▶ _Exercise goal_: From the entries below, print exactly the span beginning with the line holding "og enheten vil" and ending with the line holding "Heat race winners", endpoints included, and skip any pictures.

**** Entries provided ****

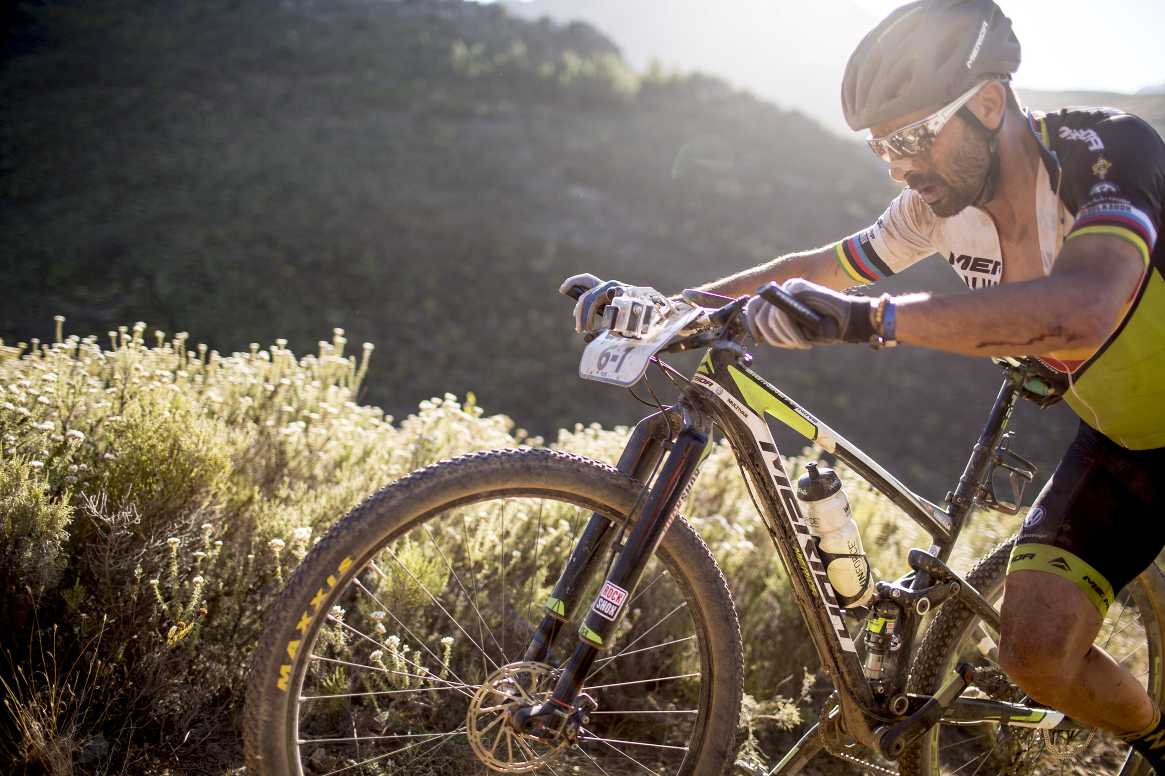 Malgré une crevaison lente à mi-parcours, rapidement colmatée avant un changement de pneu au ravito 2, Sauser et Kulhavy s’imposent avec 25 secondes d’avance ce mercredi, augmentant encore leur avance au général et la portant à plus de 7 minutes. La situation est pour l’instant idéale afin que Sauser devienne le premier à remporter 5 fois le cape Epic ! Mais il reste encore 4 étapes…
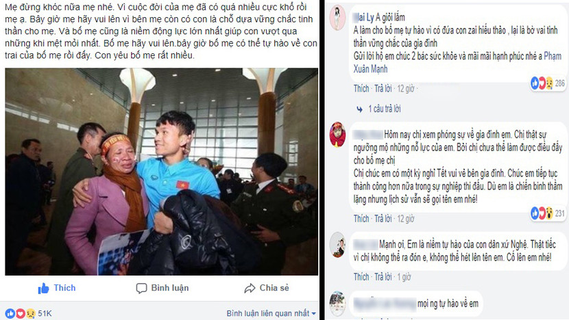 Hơn 2 vạn lượt chia sẻ, cùng hàng ngàn bình luận của cộng đồng mạng bày tỏ sự đồng cảm và động viên Phan Văn Đức
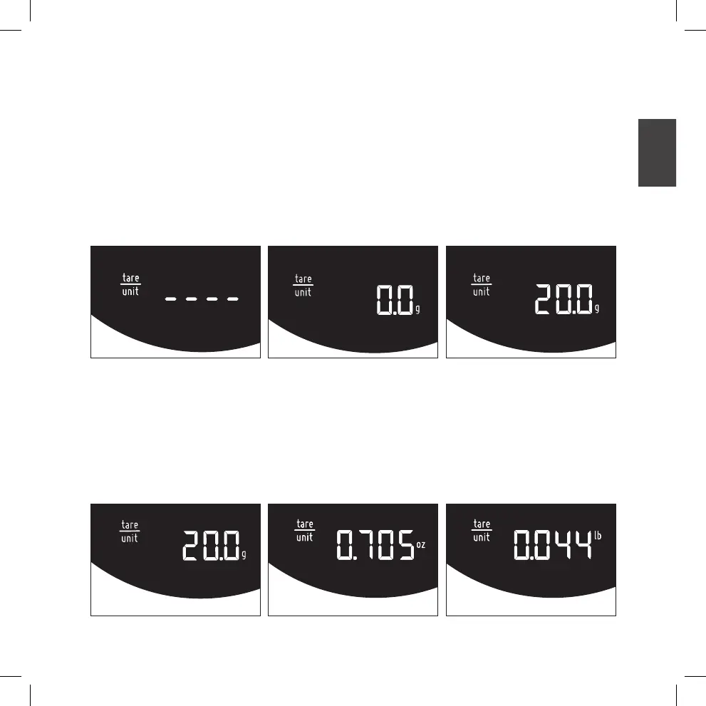 • Trykk og hold inne "tare/unit"-knappen i 1 sekund. Tallene vil forsvinne og enheten vil
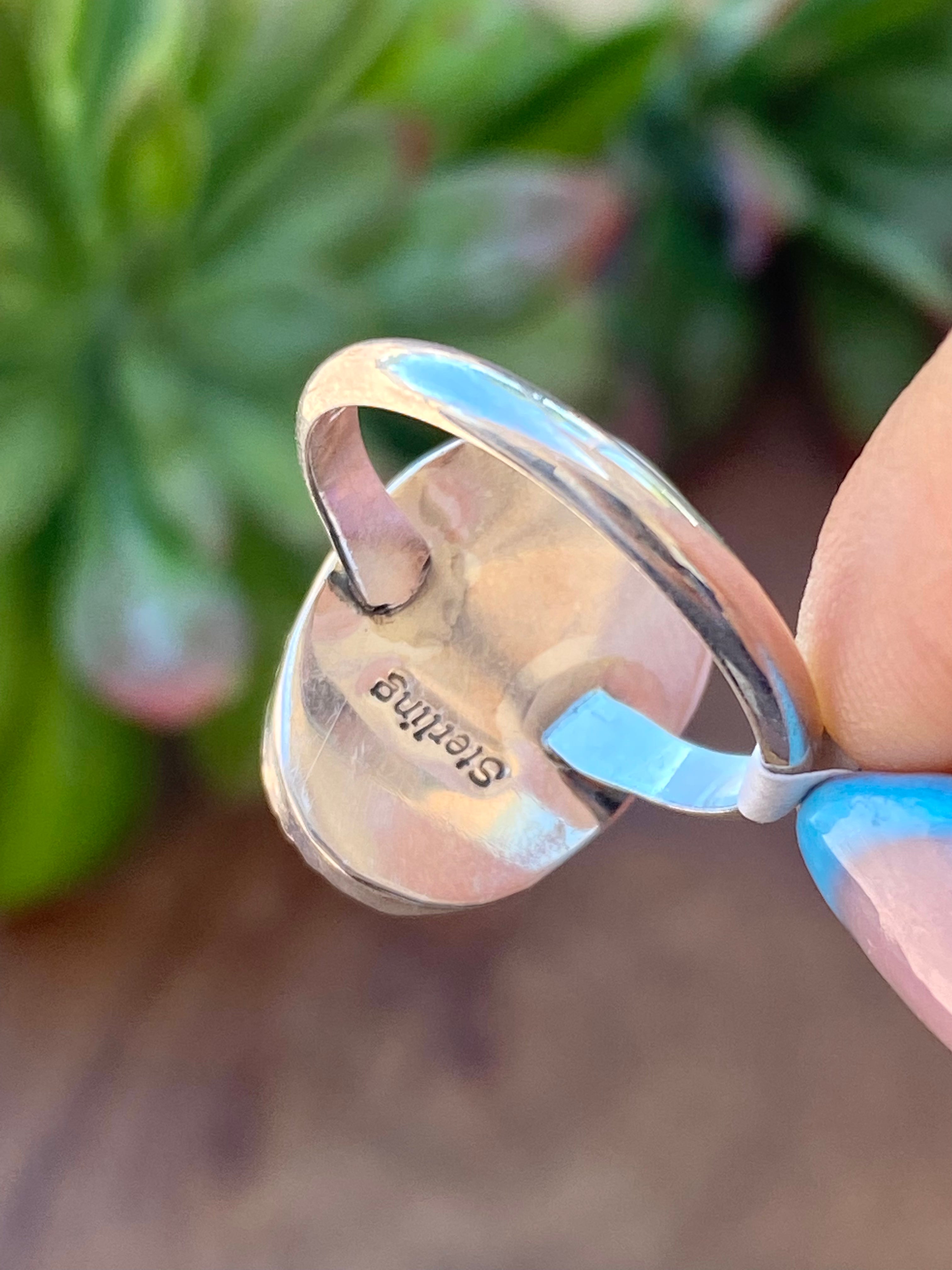 Navajo Made White Buffalo & Sterling Silver Ring Size 7.5. It measures 3/4 of an inch long and just over 1/2 of an inch wide. Stamped sterling silver.
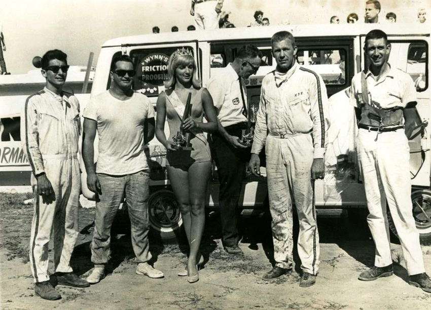Heat race winners Benny with Buddy Cagle, Miss National Jalopy, Harold Leep and Don Spreire
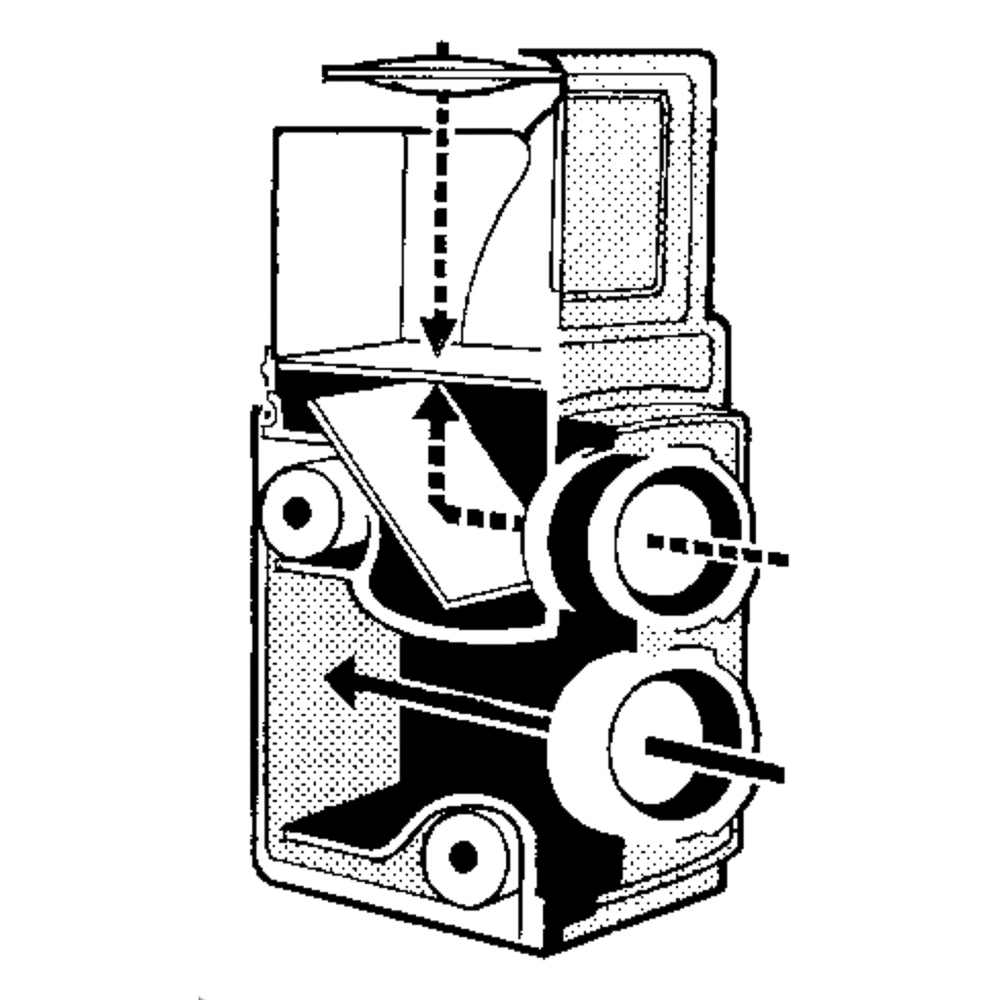 It also has a big drawback, the final image that is projected on the film is not exactly the same as the one seen on the focusing screen, since the two lenses are a few millimeters apart.
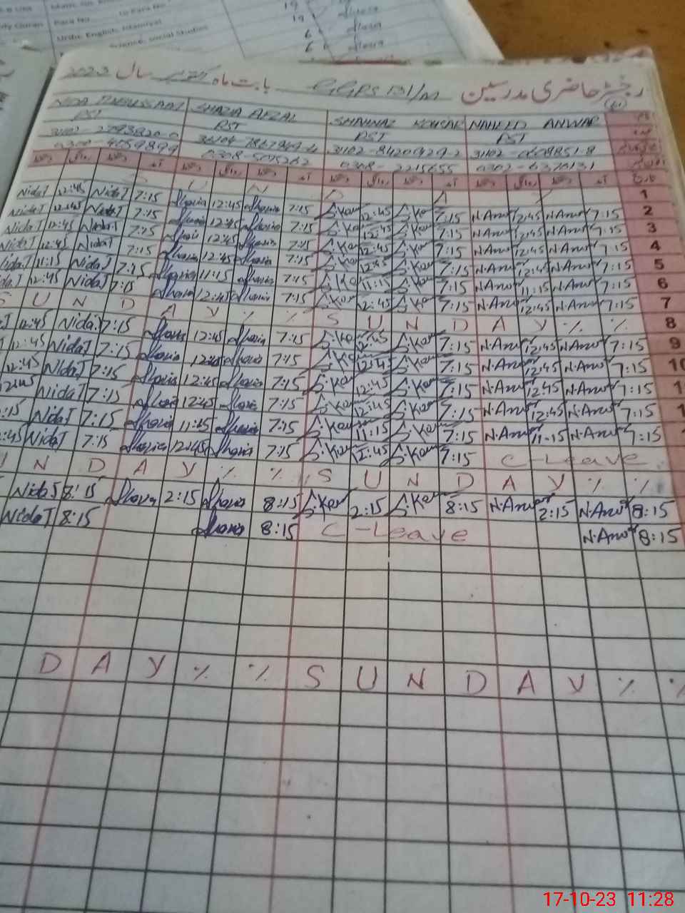 | Name: Sh**** Af**** Designation: (School Headmaster's/Headmistress's) PST Phone/Cell Number: 03**** |
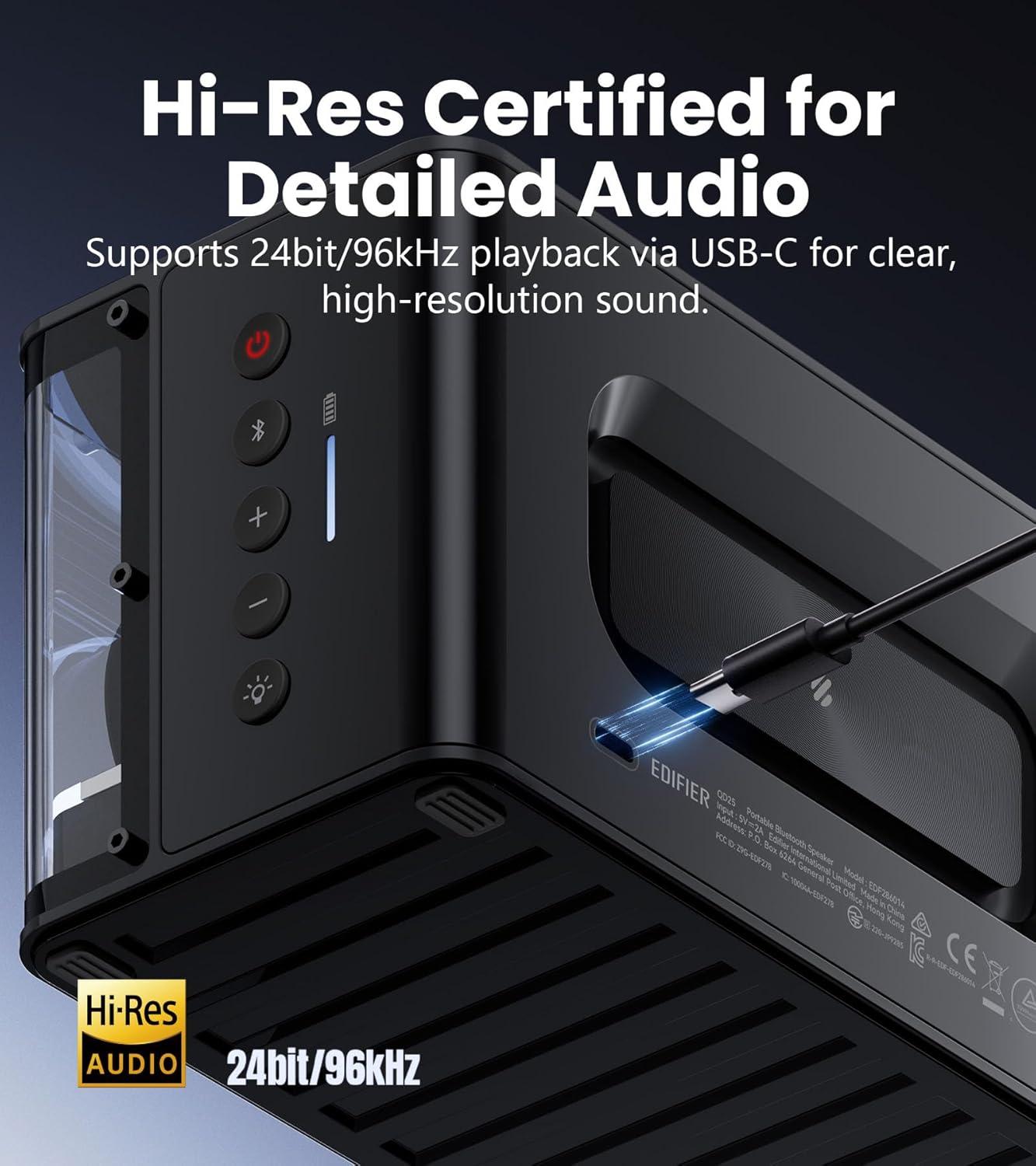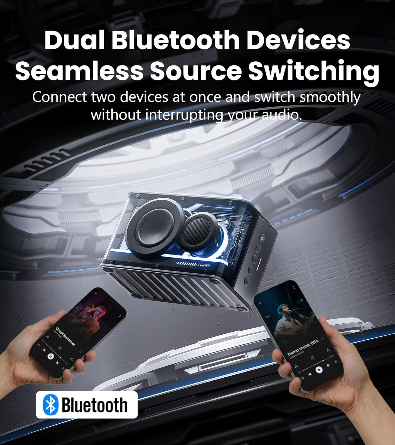25W Dynamic Sound:Powered by 25W RMS, this Bluetooth speaker, enhanced by a Class-D amplifier, fills any space with dynamic audio. It balances delicate soft passages and intense loud sections, perfect for all types of content.​

****

▶ _Answer to this task_:
 • Trykk og hold inne "tare/unit"-knappen i 1 sekund. Tallene vil forsvinne og enheten vil
 Navajo Made White Buffalo & Sterling Silver Ring Size 7.5. It measures 3/4 of an inch long and just over 1/2 of an inch wide. Stamped sterling silver.
Heat race winners Benny with Buddy Cagle, Miss National Jalopy, Harold Leep and Don Spreire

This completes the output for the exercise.